In C, alignment for basic types is linked to size. A type may have an alignment requirement that is as much as its size: e.g. an 8 byte data type might be aligned as strictly as addresses divisible by 8.

The alignment of an array aggregate is that of its element type.

The alignment of a struct is that of its most strictly aligned member.

In portable coding, we don't exactly know, but we can make the worst-case assumption that every basic type has the strictest possible alignment---i.e. its size. We also don't know the sizes of all the types, but we know that integers of higher ranks are at least as large as lower ranks; i.e. sizeof(char) <= sizeof(short) <= sizeof(int) <= sizeof(long), etc.

Things are tricky when you have a mixture of floating-point, pointers and integers. E.g. pointer could be the same size as a float, or bigger.

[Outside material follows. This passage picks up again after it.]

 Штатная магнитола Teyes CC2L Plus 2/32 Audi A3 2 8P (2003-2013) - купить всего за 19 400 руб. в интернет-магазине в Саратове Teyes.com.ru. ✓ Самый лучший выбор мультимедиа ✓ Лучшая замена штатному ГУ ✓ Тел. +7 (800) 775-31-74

Here is a trick you use: combine together clumps of like types, and try to make combinations that are powers of two. For instance, if your structure has two or four pointers to things, try to make them adjacent. E.g.:

  struct s {
    void *p1, *p2, *p3, p4;
    short s1, s2, s3, s4;
    float f1, f2, f3, f4;
  };

Even though float is almost certainly larger than short and may have stricter alignment, its moot because I have four of everything. Even if this is on a tiny system where pointers are 16 bits wide, four of them will make 8 bytes. So when the f1 member is being placed into the struct, the offset is at least 8 byte aligned: we don't expect padding.

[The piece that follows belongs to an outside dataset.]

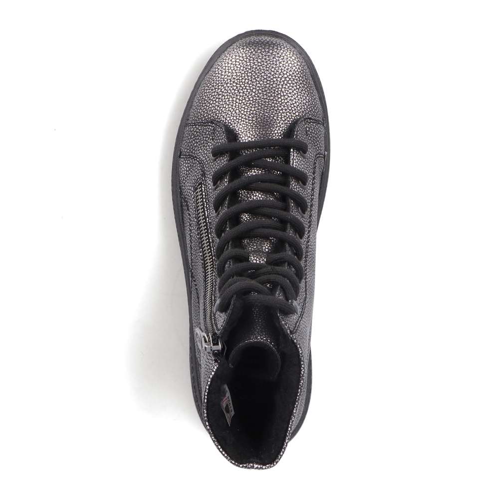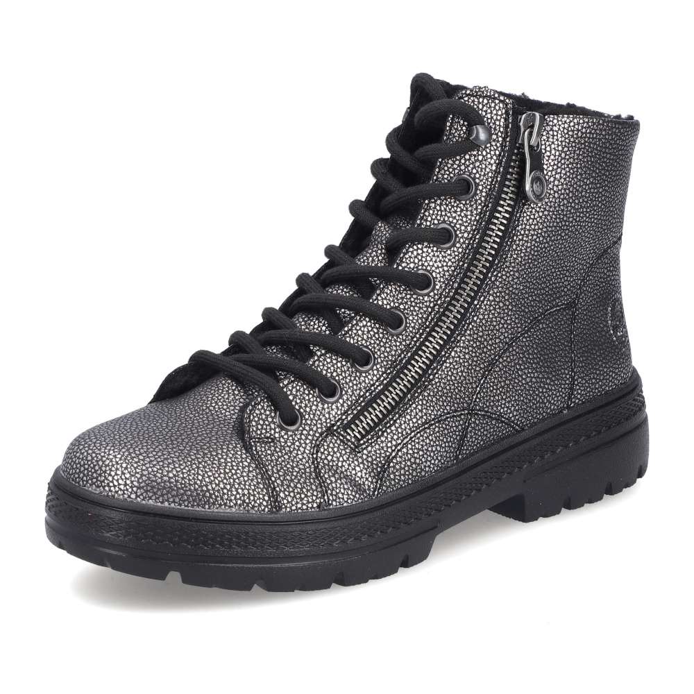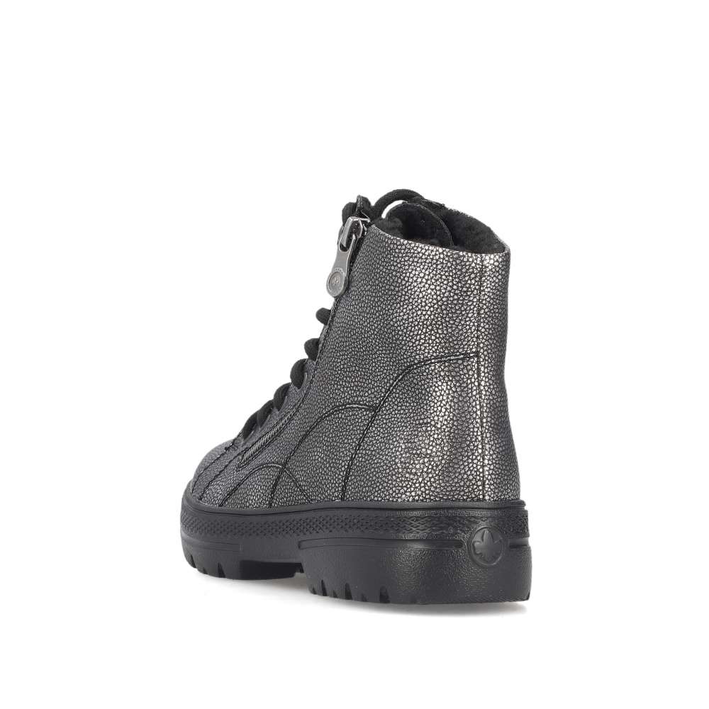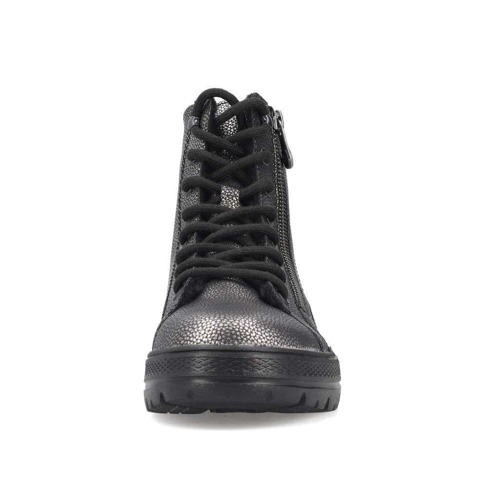 Tyto kotníkové boty RIEKER zaujmou na první pohled svým originálním designem – strukturovaný materiál s metalickými odlesky dodává modelu moderní a výrazný vzhled. Praktický zip umístěný na nártu umožňuje rychlé a pohodlné obutí, zatímco šněrování zajistí ideální přizpůsobení podle tvaru vaší nohy. Podešev s technologií tlumení nárazů poskytuje maximální komfort při chůzi, což oceníte zejména během dlouhých dní na nohou. O teplotní komfort se postará hřejivé vnitřní zateplení, díky kterému budou vaše nohy v teple i během zimního počasí. Stylové, pohodlné a funkční - tyto boty jsou perfektní volbou pro ženy, které chtějí i v zimě vypadat skvěle a cítit se komfortně.

If you aggregate enough members of the same type in a power-of-two sized clump, you can easily create alignment which meets or exceeds the strictest alignment in the system.

So those are the main principles: group together members of the same type. Then keeping those groups together, sort by descending alignment strictness.

rwmj

No mention of pahole / dwarves? https://lwn.net/Articles/335942/ It's the standard tool used by the Linux kernel developers.

petergeoghegan

Recent versions of clangd show pahole-like struct size/alignment padding overhead annotations. I find this built-in support a lot more convenient than using pahole.

uticus

for somebody starting out, where do you go for a list of tools like this?

ryao

pahole is an awesome tool.

variadix

Some other things you can do to improve packing are using integer indices/offsets/relative pointers instead of absolute pointers (especially on 64-bit machines), overlapping fields for unions (as an example you may have a tag that can share some bits with another field in each member of the union), using a structs position in memory to encode information (for example, if you have a binary tree of array allocated nodes, you can specify that the right child always follows the parent in memory, then you only need to store the index of the left child), and of course structure packing pragmas/attributes.

foota

Some related thoughts (more for C++ than C).

You can eliminate the cost of a wrapping class with no members by taking advantage of the empty base class optimization (or rather: by avoiding members in a base class you will be taking advantage of EBCO).

You can use an untagged union in C++ (taking care to avoid undefined behavior) to implement small object optimization. In it's general form, the idea is you can store some smaller struct in a union (as a char[], since C++ doesn't have native unions) with a larger structure, and use a sentinel in the larger structure to determine which it is. E.g., if large struct has some field that must not be zero, then make it zero in the smaller struct and you can distinguish between the two without a tag (like would be required with std::variant).

I'm also a huge fan in general of "make invalid states unrepresentable" and following this can often reduce redundancy and eliminate extra fields.

bhawks

Optimizing struct layouts is cool. but if your motivation is to pack more monsters in your game definitely consider transposing your row oriented monster struct into a column oriented entity using Entity Component System.

Example framework:

https://github.com/skypjack/entt?tab=readme-ov-file

It has benefits besides memory/cache optimizations. It organizes logic in a much more composable way that is friendly for reuse.

cogman10

Nice little article.

The next thing to really explore is how the struct is being used. Smaller is always nice, but sometimes you need it to be fast. To do that, you'll want to group together fields that are commonly read. For example, x, y, and speed are likely always read together. So, it'd make sense to group those fields together to optimize for cache reads.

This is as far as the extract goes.